(Records excerpted from a collection)

Content starts

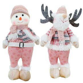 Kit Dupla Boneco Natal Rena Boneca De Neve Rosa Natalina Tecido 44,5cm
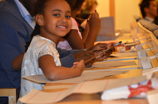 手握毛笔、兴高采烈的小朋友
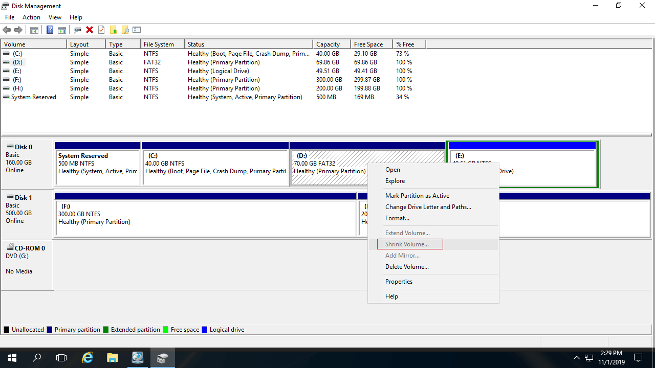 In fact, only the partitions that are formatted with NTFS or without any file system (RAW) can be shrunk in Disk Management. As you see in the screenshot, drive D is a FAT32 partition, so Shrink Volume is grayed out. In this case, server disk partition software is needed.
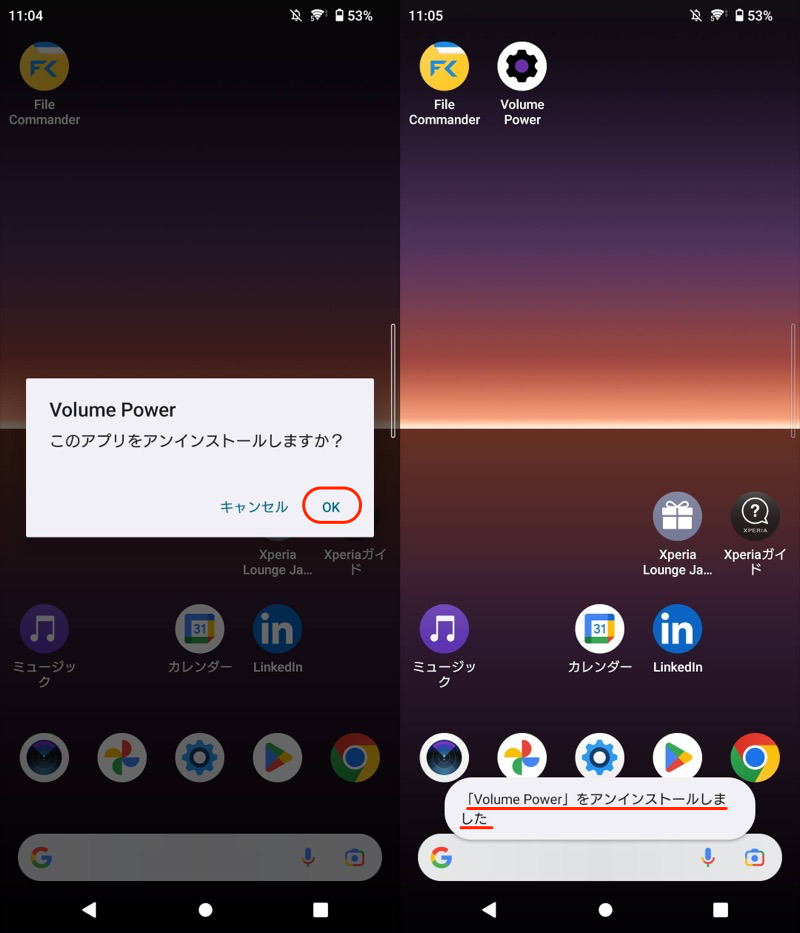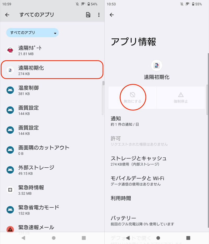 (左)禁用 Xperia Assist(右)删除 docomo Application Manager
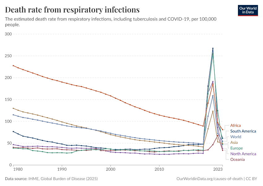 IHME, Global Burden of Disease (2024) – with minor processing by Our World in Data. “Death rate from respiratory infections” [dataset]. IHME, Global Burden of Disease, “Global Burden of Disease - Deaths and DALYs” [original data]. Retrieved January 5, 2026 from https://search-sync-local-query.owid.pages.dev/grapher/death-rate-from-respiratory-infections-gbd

Content ends

The problem: Exactly as written, set down the lines from the line holding "In fact, only" to the last line of the data, both ends included, pictures excluded.

Response below:
 In fact, only the partitions that are formatted with NTFS or without any file system (RAW) can be shrunk in Disk Management. As you see in the screenshot, drive D is a FAT32 partition, so Shrink Volume is grayed out. In this case, server disk partition software is needed.
 (左)禁用 Xperia Assist(右)删除 docomo Application Manager
 IHME, Global Burden of Disease (2024) – with minor processing by Our World in Data. “Death rate from respiratory infections” [dataset]. IHME, Global Burden of Disease, “Global Burden of Disease - Deaths and DALYs” [original data]. Retrieved January 5, 2026 from https://search-sync-local-query.owid.pages.dev/grapher/death-rate-from-respiratory-infections-gbd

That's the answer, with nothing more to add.